EXERCISE INSTRUCTIONS:
Write out the full set of records exactly. Any pictures in them do not belong in the copy.

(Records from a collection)
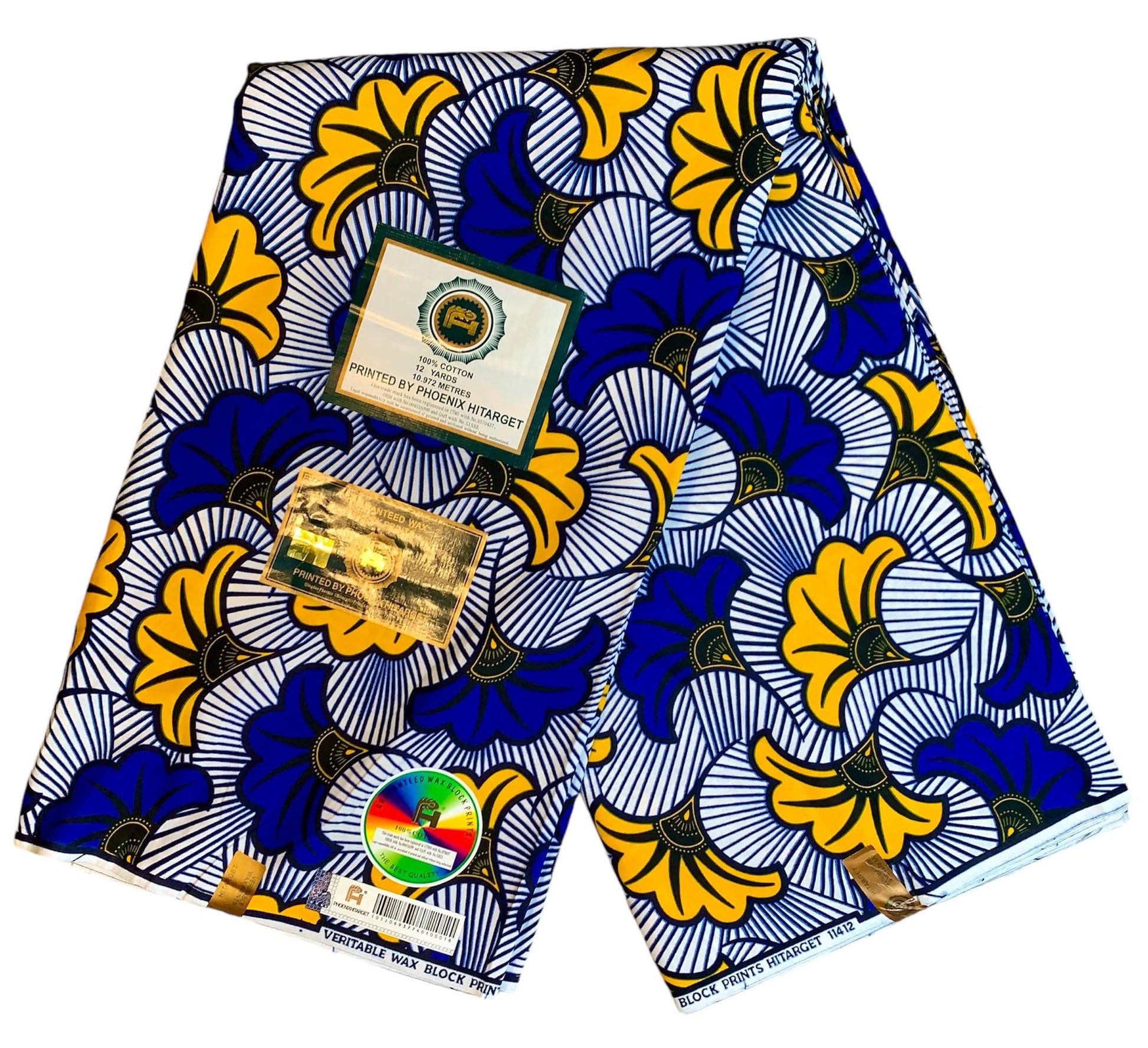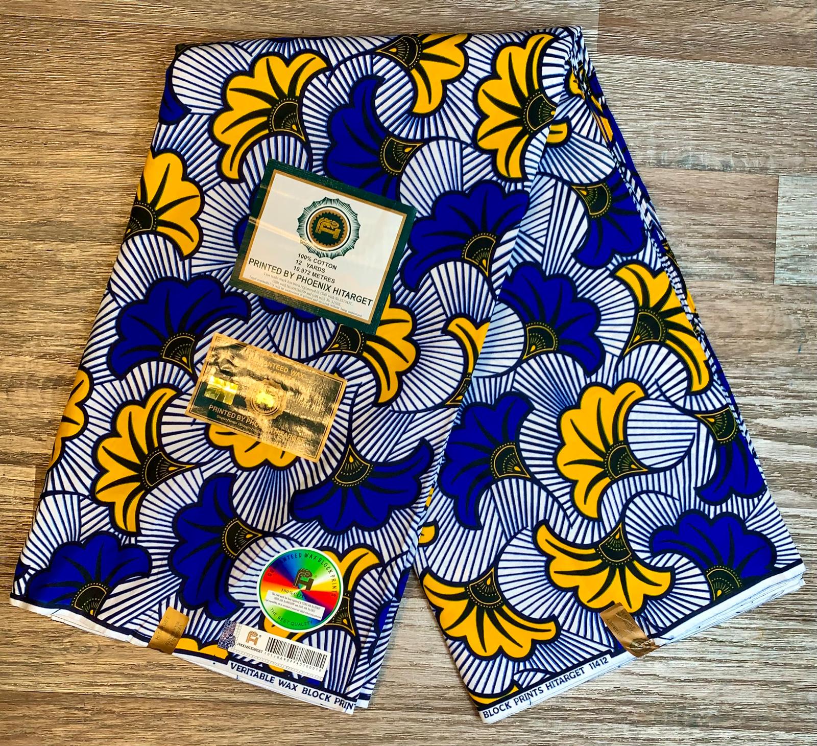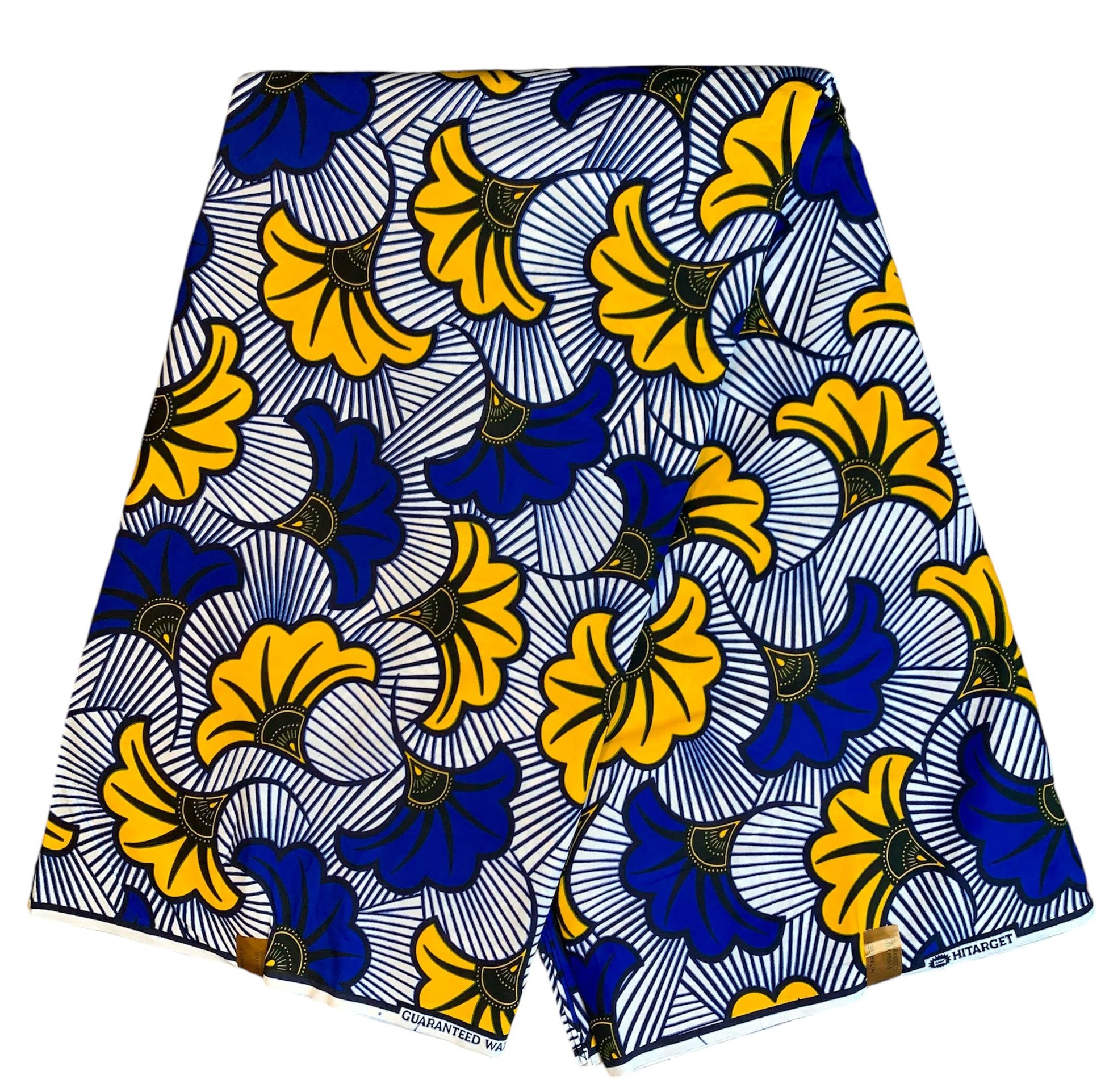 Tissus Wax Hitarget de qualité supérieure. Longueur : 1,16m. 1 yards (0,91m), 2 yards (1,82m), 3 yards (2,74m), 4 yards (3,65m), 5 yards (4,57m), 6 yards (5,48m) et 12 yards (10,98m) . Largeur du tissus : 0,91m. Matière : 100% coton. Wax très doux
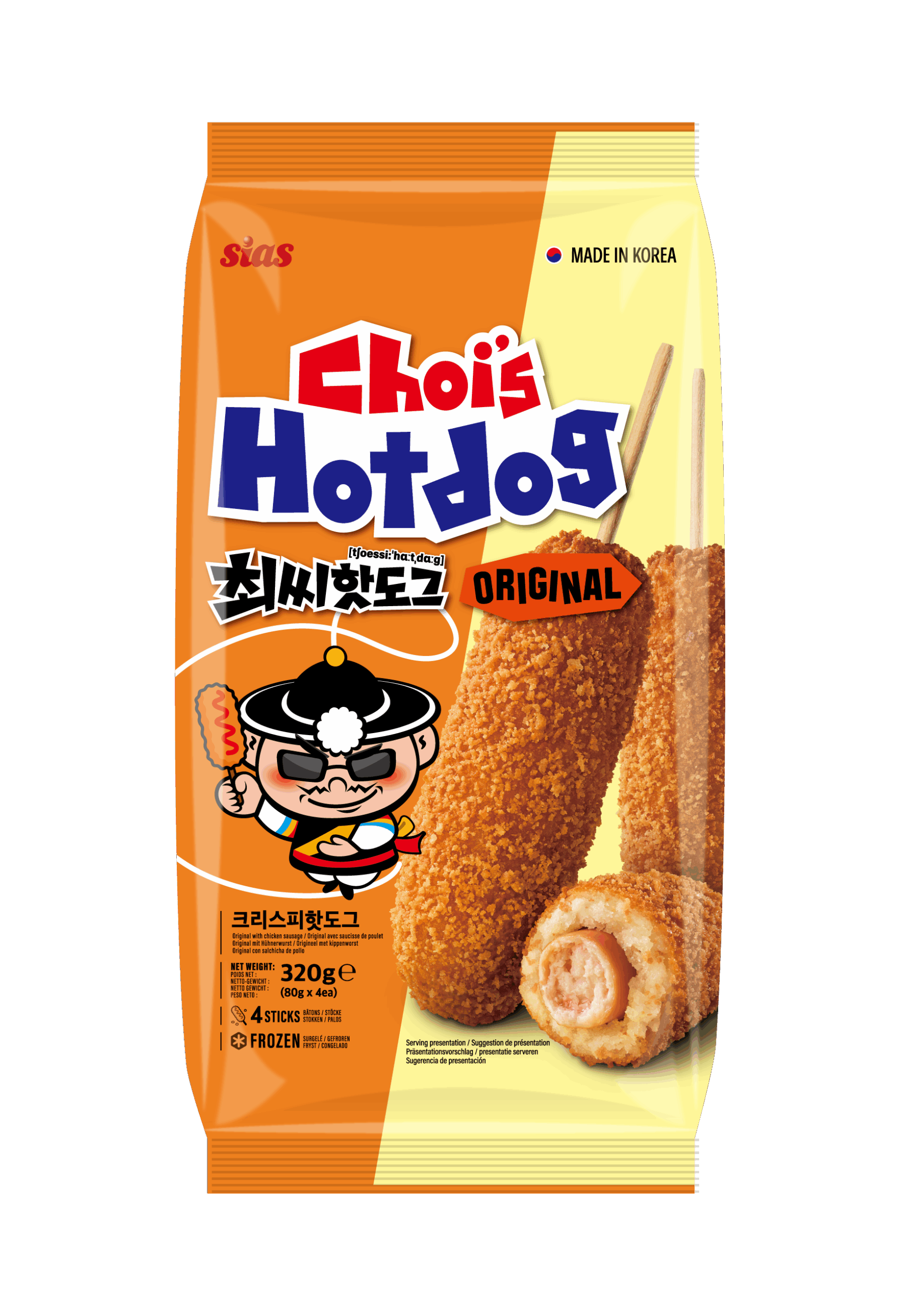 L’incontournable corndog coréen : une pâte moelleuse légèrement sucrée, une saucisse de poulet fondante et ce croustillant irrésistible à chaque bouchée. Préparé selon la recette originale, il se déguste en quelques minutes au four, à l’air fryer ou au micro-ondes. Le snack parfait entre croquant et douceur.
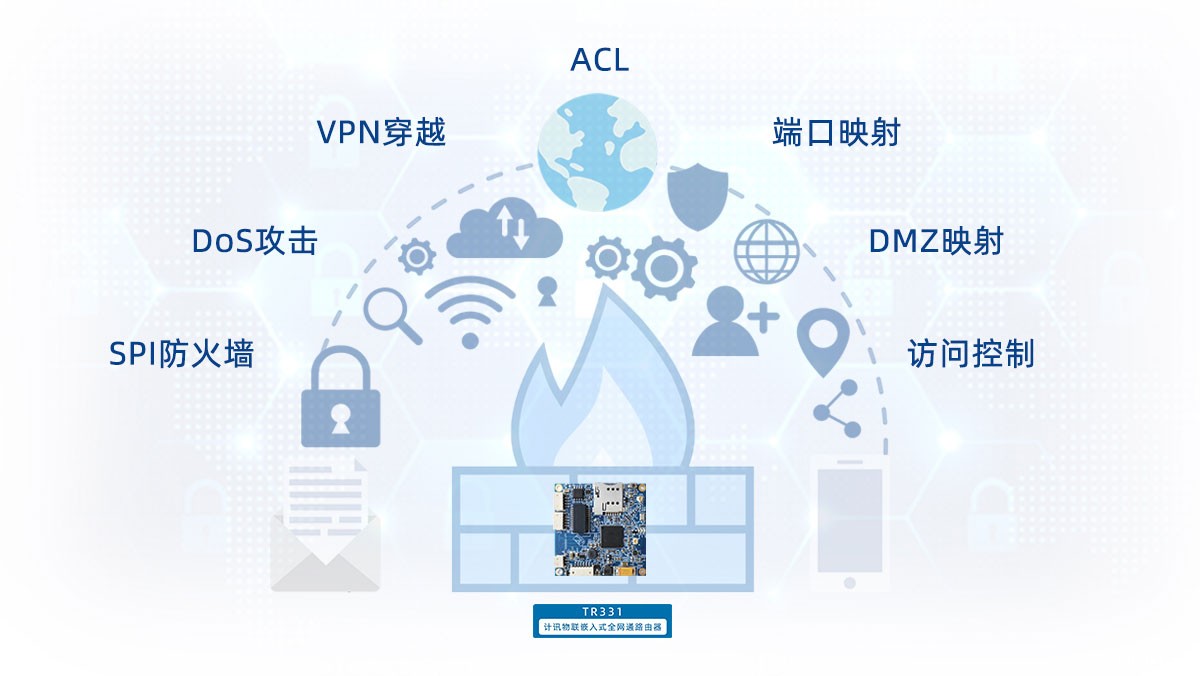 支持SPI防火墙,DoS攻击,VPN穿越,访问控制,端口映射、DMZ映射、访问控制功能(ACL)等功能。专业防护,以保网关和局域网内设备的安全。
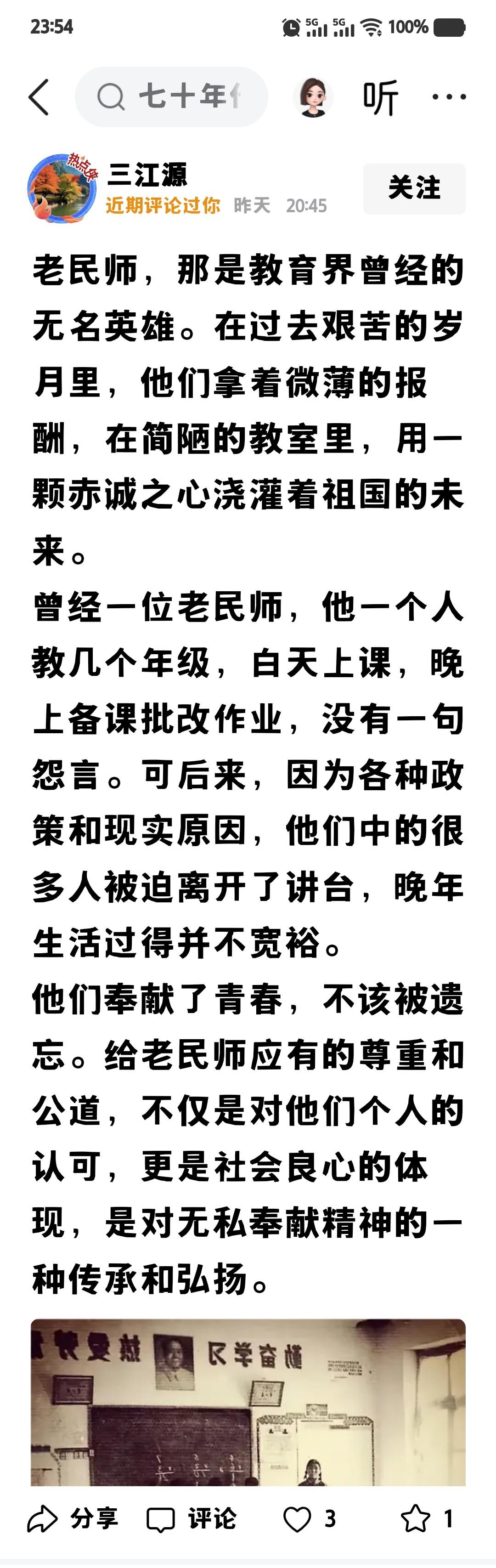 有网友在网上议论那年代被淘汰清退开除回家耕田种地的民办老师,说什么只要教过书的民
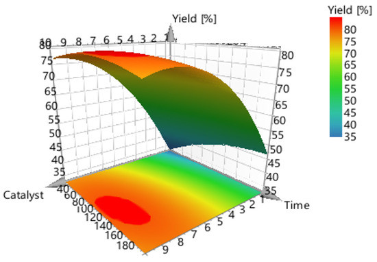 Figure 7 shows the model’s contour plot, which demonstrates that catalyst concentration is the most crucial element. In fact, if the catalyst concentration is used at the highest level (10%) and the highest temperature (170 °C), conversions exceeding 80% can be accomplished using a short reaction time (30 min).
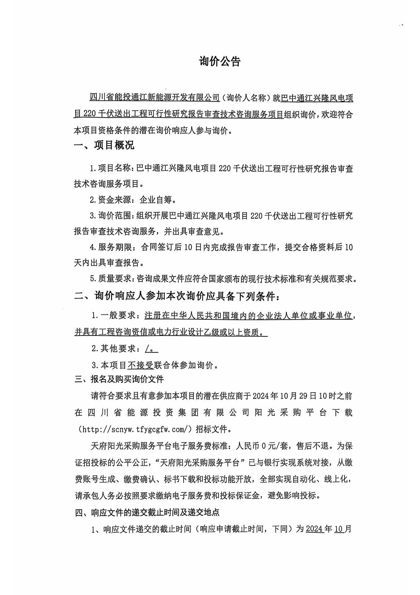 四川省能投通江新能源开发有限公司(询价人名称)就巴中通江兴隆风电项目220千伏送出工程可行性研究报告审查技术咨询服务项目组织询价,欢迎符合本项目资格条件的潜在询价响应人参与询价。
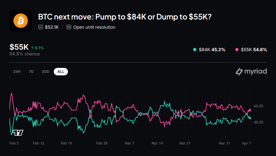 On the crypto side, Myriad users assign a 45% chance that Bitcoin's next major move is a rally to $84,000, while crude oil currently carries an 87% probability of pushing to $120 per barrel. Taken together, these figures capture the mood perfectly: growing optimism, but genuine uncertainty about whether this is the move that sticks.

RESULT OF THE EXERCISE:
 Tissus Wax Hitarget de qualité supérieure. Longueur : 1,16m. 1 yards (0,91m), 2 yards (1,82m), 3 yards (2,74m), 4 yards (3,65m), 5 yards (4,57m), 6 yards (5,48m) et 12 yards (10,98m) . Largeur du tissus : 0,91m. Matière : 100% coton. Wax très doux
 L’incontournable corndog coréen : une pâte moelleuse légèrement sucrée, une saucisse de poulet fondante et ce croustillant irrésistible à chaque bouchée. Préparé selon la recette originale, il se déguste en quelques minutes au four, à l’air fryer ou au micro-ondes. Le snack parfait entre croquant et douceur.
 支持SPI防火墙,DoS攻击,VPN穿越,访问控制,端口映射、DMZ映射、访问控制功能(ACL)等功能。专业防护,以保网关和局域网内设备的安全。
 有网友在网上议论那年代被淘汰清退开除回家耕田种地的民办老师,说什么只要教过书的民
 Figure 7 shows the model’s contour plot, which demonstrates that catalyst concentration is the most crucial element. In fact, if the catalyst concentration is used at the highest level (10%) and the highest temperature (170 °C), conversions exceeding 80% can be accomplished using a short reaction time (30 min).
 四川省能投通江新能源开发有限公司(询价人名称)就巴中通江兴隆风电项目220千伏送出工程可行性研究报告审查技术咨询服务项目组织询价,欢迎符合本项目资格条件的潜在询价响应人参与询价。
 On the crypto side, Myriad users assign a 45% chance that Bitcoin's next major move is a rally to $84,000, while crude oil currently carries an 87% probability of pushing to $120 per barrel. Taken together, these figures capture the mood perfectly: growing optimism, but genuine uncertainty about whether this is the move that sticks.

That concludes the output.